__THE PROBLEM__: Give again exactly the lines that run from the start of the records to the line holding "Italian Tarallis are a", both ends counted. Do not include the pictures.

__EXCERPTED DATA__:
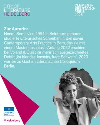 Der mit 10.000 Euro dotierte Clemens-Brentano-Preis für Literatur der Stadt Heidelberg ging 2025 an die in Bern lebende Autorin Noemi Somalvico. Sie nahm den Preis für ihren Erzählband „Das Herz wirft in der Brust keinen Schatten“ (Voland & Quist, 2024) Im Rahmen einer Feierstunde aus den Händen von Bürgermeisterin Martina Pfister im Spiegelsaal des Gebäudes Prinz Carl entgegen. Die Laudatio hielt der F.A.Z.-Redakteur Jan Wiele. Musikalisch wurde die Verleihung umrahmt durch die Cellistin Dorothea von Albrecht.
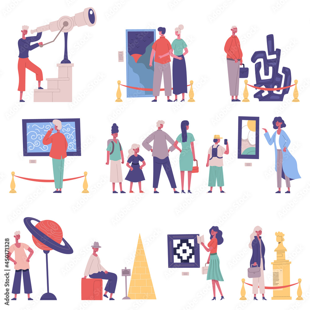 Fotografi Art gallery, museum exhibition visitors and guide characters
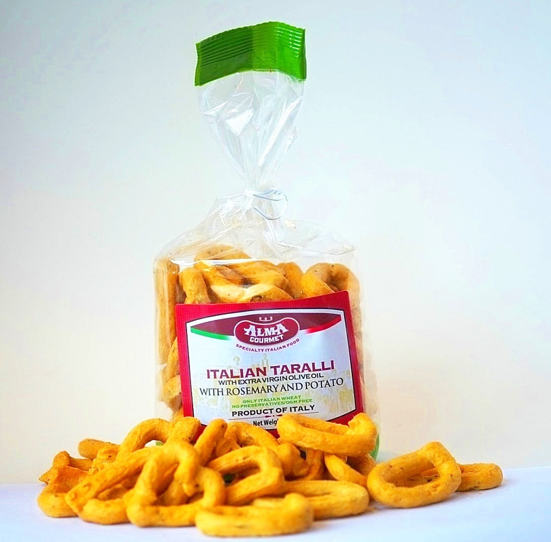 Italian Tarallis are a staple Italian snack food. It is a type of bread common throughout the southern half of the Peninsula. Italian Tarallis are usually doughnut-shaped, about 3 inches across, and are moderately crunchy. They can be either somewhat sweet or slightly salty, and some people sprinkle their surfaces with anise seed, pepper, or whatever.
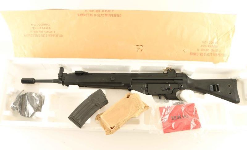 'Pre-Ban' Mint German made semi-automatic variant of the HK33 assault rifle chambered in 5.56mm NATO, circa 1982. Imported by HK Inc. of Arlington, V.A. with import stamp on the right side of the receiver. Features a matte black finish, 16.25" barrel, flash hider, hooded post front sight, 4-position rear drum sight, folding charging handle, provisions for a bayonet, "01" marked grip frame with two-position selector, push button magazine release, "IB" dated 20 round steel magazine, black synthetic forearm, finger groove pistol grip and fixed should stock. Includes the original factory cardboard shipping carton with partial label, styrofoam inserts, manual, warranty card, sling, black plastic muzzle cap and kraft paper. Rifle retains approximately 99%+ of it's original finish showing minor handling marks with no major wear observed. Action is strong, bore is pristine, and synthetic stocks are fine. Likely unfired. Condition is NRA Perfect in box. ***Modern Firearm***
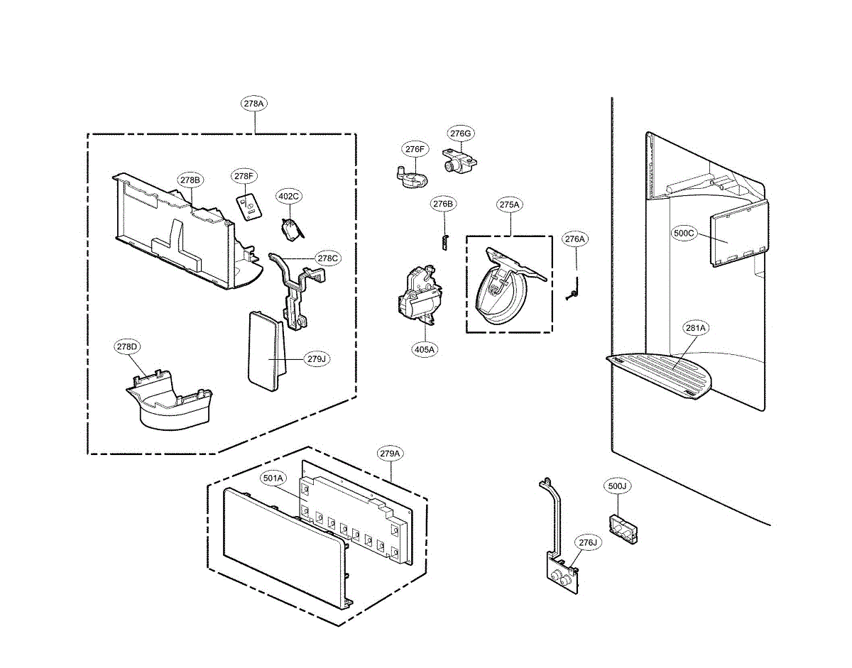 The Dispenser Ice Chute Door is an OEM part for LG side-by-side refrigerators featuring exterior ice and water dispensers. This door guides ice from the storage bin to the access port.

__OUTPUT__:
 Der mit 10.000 Euro dotierte Clemens-Brentano-Preis für Literatur der Stadt Heidelberg ging 2025 an die in Bern lebende Autorin Noemi Somalvico. Sie nahm den Preis für ihren Erzählband „Das Herz wirft in der Brust keinen Schatten“ (Voland & Quist, 2024) Im Rahmen einer Feierstunde aus den Händen von Bürgermeisterin Martina Pfister im Spiegelsaal des Gebäudes Prinz Carl entgegen. Die Laudatio hielt der F.A.Z.-Redakteur Jan Wiele. Musikalisch wurde die Verleihung umrahmt durch die Cellistin Dorothea von Albrecht.
 Fotografi Art gallery, museum exhibition visitors and guide characters
 Italian Tarallis are a staple Italian snack food. It is a type of bread common throughout the southern half of the Peninsula. Italian Tarallis are usually doughnut-shaped, about 3 inches across, and are moderately crunchy. They can be either somewhat sweet or slightly salty, and some people sprinkle their surfaces with anise seed, pepper, or whatever.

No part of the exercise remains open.